## How to complete this task:
Your task is to restate word for word the lines in the material below, from the one with "中轻联、总社第四届纪律检查委员会书记、副书记、委员名单" up to and including the one with "世達汽修汽保工具短速レンチ7". Do not carry over the pictures.

Source data below:

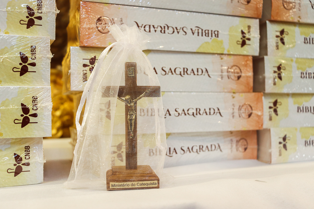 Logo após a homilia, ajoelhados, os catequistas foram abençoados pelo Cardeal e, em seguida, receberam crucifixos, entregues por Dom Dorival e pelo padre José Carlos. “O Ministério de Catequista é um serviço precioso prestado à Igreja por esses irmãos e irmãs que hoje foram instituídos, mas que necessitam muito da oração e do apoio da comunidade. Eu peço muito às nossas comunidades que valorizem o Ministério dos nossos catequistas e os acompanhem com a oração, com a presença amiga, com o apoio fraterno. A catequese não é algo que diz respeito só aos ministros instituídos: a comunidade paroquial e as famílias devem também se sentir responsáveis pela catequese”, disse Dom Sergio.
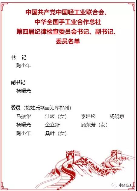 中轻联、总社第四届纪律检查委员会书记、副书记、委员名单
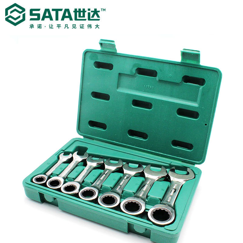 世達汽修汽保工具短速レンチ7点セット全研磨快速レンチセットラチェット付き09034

End of Source data.
Source data below:

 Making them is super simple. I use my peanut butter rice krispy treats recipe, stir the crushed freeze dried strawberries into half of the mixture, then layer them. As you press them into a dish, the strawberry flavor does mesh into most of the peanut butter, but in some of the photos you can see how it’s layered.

End of Source data.

## Exercise response:
 中轻联、总社第四届纪律检查委员会书记、副书记、委员名单
 世達汽修汽保工具短速レンチ7点セット全研磨快速レンチセットラチェット付き09034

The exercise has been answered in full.